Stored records
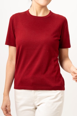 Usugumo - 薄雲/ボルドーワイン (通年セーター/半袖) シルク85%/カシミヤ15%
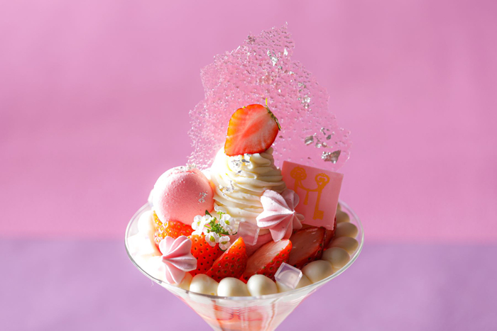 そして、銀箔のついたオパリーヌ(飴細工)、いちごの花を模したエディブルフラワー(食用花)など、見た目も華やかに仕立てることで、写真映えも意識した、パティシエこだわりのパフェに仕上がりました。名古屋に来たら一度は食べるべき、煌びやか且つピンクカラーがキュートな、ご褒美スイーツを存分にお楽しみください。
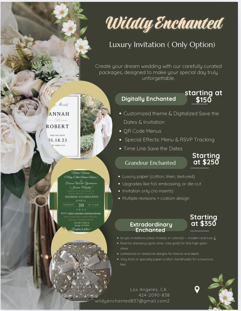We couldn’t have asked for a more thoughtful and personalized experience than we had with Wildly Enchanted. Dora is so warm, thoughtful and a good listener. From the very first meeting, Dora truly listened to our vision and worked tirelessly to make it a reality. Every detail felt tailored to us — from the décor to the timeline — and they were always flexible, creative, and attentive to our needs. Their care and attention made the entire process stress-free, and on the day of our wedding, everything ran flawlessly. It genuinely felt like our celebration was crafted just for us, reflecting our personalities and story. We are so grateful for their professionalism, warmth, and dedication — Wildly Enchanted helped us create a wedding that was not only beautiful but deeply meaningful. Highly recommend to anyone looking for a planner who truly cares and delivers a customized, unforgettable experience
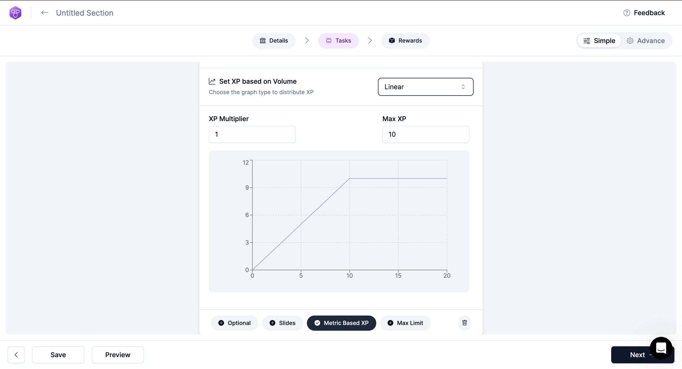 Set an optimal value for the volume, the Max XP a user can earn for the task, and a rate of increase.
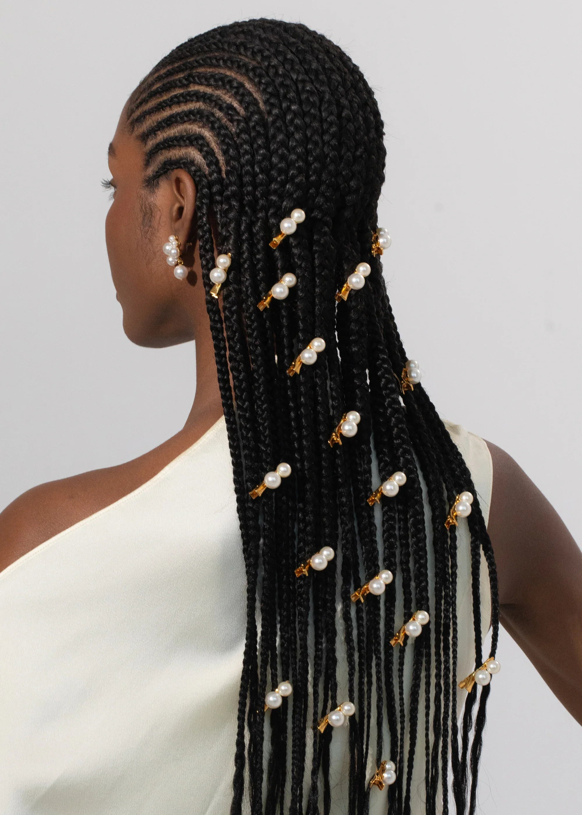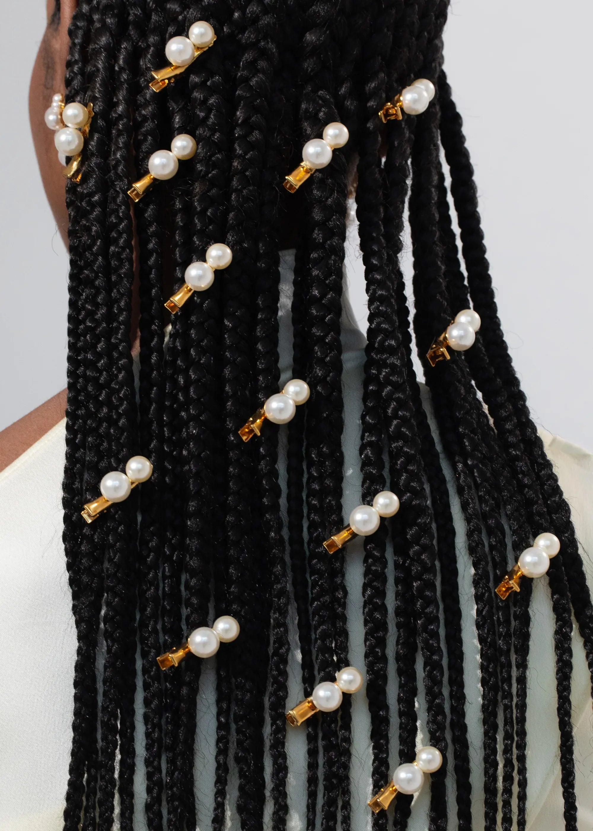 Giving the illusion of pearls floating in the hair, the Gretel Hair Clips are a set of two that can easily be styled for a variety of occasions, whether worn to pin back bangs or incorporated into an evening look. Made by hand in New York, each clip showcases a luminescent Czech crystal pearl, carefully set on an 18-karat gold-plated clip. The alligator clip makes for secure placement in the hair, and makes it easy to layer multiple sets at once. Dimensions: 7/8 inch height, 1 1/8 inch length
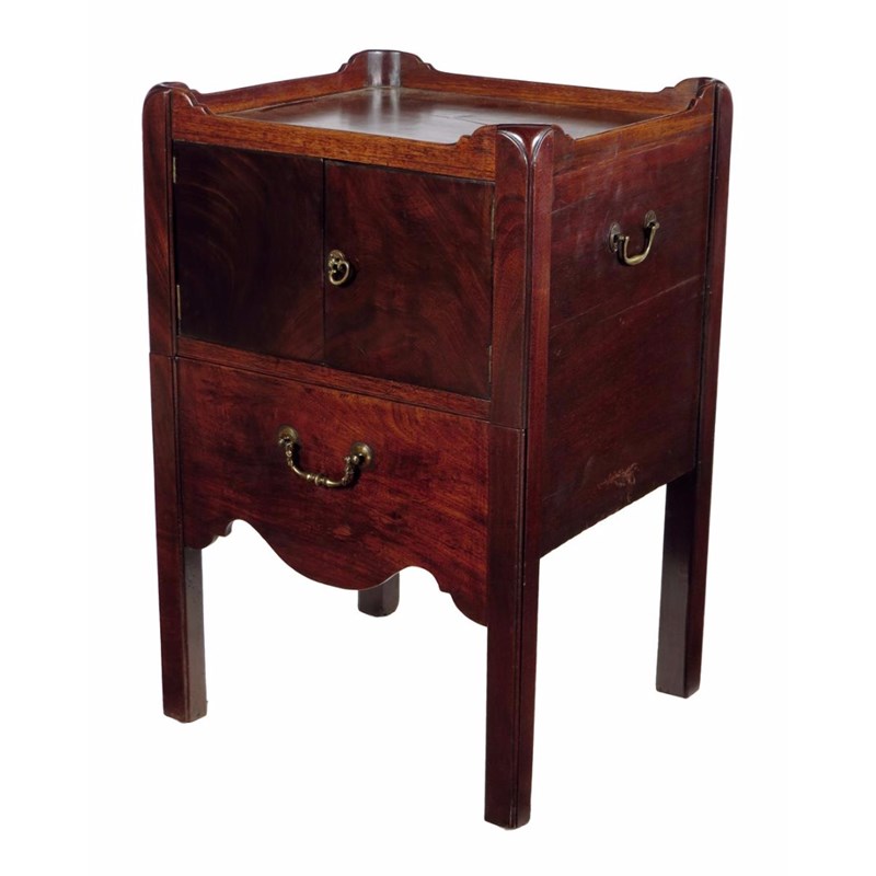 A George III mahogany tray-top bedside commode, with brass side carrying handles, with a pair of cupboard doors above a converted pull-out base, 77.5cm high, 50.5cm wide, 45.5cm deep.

» **What is being asked**:
In the copy, include all records verbatim but no images.

» **Result for this exercise**:
 Usugumo - 薄雲/ボルドーワイン (通年セーター/半袖) シルク85%/カシミヤ15%
 そして、銀箔のついたオパリーヌ(飴細工)、いちごの花を模したエディブルフラワー(食用花)など、見た目も華やかに仕立てることで、写真映えも意識した、パティシエこだわりのパフェに仕上がりました。名古屋に来たら一度は食べるべき、煌びやか且つピンクカラーがキュートな、ご褒美スイーツを存分にお楽しみください。
We couldn’t have asked for a more thoughtful and personalized experience than we had with Wildly Enchanted. Dora is so warm, thoughtful and a good listener. From the very first meeting, Dora truly listened to our vision and worked tirelessly to make it a reality. Every detail felt tailored to us — from the décor to the timeline — and they were always flexible, creative, and attentive to our needs. Their care and attention made the entire process stress-free, and on the day of our wedding, everything ran flawlessly. It genuinely felt like our celebration was crafted just for us, reflecting our personalities and story. We are so grateful for their professionalism, warmth, and dedication — Wildly Enchanted helped us create a wedding that was not only beautiful but deeply meaningful. Highly recommend to anyone looking for a planner who truly cares and delivers a customized, unforgettable experience
 Set an optimal value for the volume, the Max XP a user can earn for the task, and a rate of increase.
 Giving the illusion of pearls floating in the hair, the Gretel Hair Clips are a set of two that can easily be styled for a variety of occasions, whether worn to pin back bangs or incorporated into an evening look. Made by hand in New York, each clip showcases a luminescent Czech crystal pearl, carefully set on an 18-karat gold-plated clip. The alligator clip makes for secure placement in the hair, and makes it easy to layer multiple sets at once. Dimensions: 7/8 inch height, 1 1/8 inch length
 A George III mahogany tray-top bedside commode, with brass side carrying handles, with a pair of cupboard doors above a converted pull-out base, 77.5cm high, 50.5cm wide, 45.5cm deep.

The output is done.